By the 1950s Copford House was used as a home for "distressed women". The house was granted statutory protection as a grade II listed building on 7 April 1965. At time of its listing English Heritage noted that the interior retained some 18th-century details. Sharp died in 1977 and in 1980 the house passed to the charity Help the Aged, who used it as a care home. A replacement care home, New Copford Place, was constructed to the rear of the property. Copford Place was converted into flats in 1998 but these fell vacant when changes to regulations left them non-compliant. The site was empty for many years and by 2024 was covered in scaffolding and sheeting, awaiting redevelopment, and was placed on the Heritage at Risk Register. A planning application was made on 14 May 2020 to redevelop the house into eight flats, convert the stable into a house and construct a further 28 houses in the grounds. A decision on the application was due to be made by Colchester City Council by the end of November 2024.

At 8.45 pm on 18 November 2024 Copford Place was reported to be on fire. Four fire crews attended but were unable to enter the building due to its poor structural condition. The fire was extinguished by midnight but not before the structure was badly damaged and left open to the elements. An investigation ruled that the fire had been deliberately set.
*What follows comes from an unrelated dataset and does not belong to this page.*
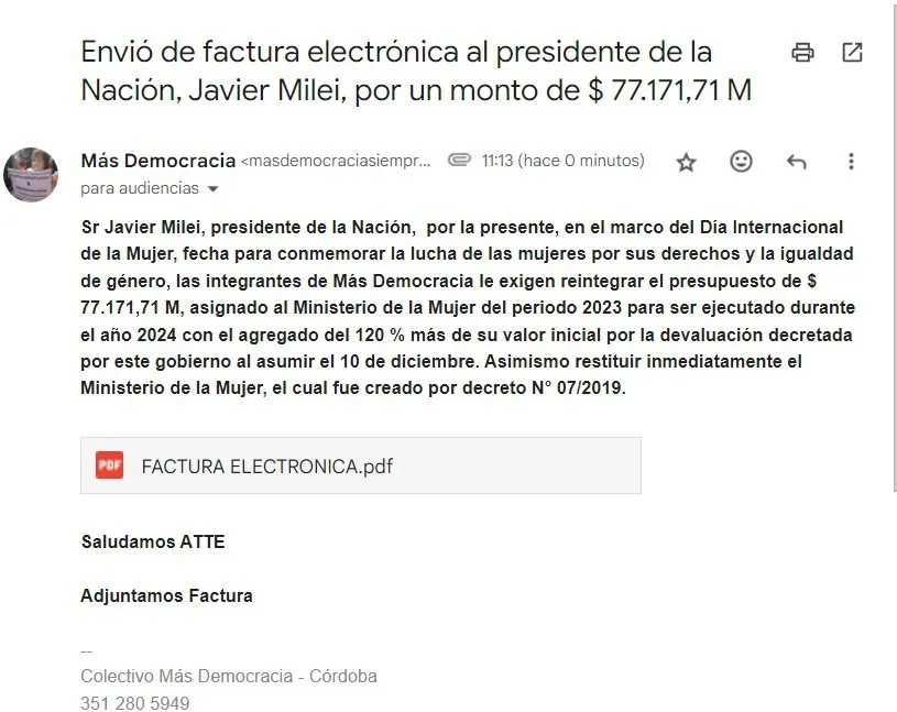 En el marco del 8M, el colectivo Mas Democracia le envió una factura electrónica al presidente de la Nación, Javier Milei, por un monto de $ 77.171,71 millones para que pague el reintegro del presupuesto del Ministerio de las Mujeres, Géneros y Diversidad.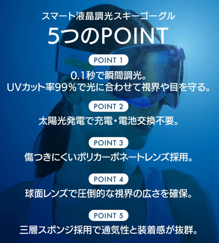 1. インテリジェンス光センサーでゴーグルのレンズの濃度を0.1秒で自動調整。太陽光電池で充電不用。

The planning application for the site was withdrawn by the applicant on 5 February 2025.

== Description ==
The main building is L-shaped in plan and two storeys in height, with an additional attic and cellar. The south and east elevations had grey gault brick parapets. The hipped roof had plain red tiles, with three dormers on the east side and two on the west, one of which had a leaded casement window dating to around 1700. The east elevation is of five bays with sash windows. the south elevation, facing London Road, is of seven bays, again with sash windows except the central bay which has a blank window. The chimney pots were in Coade stone.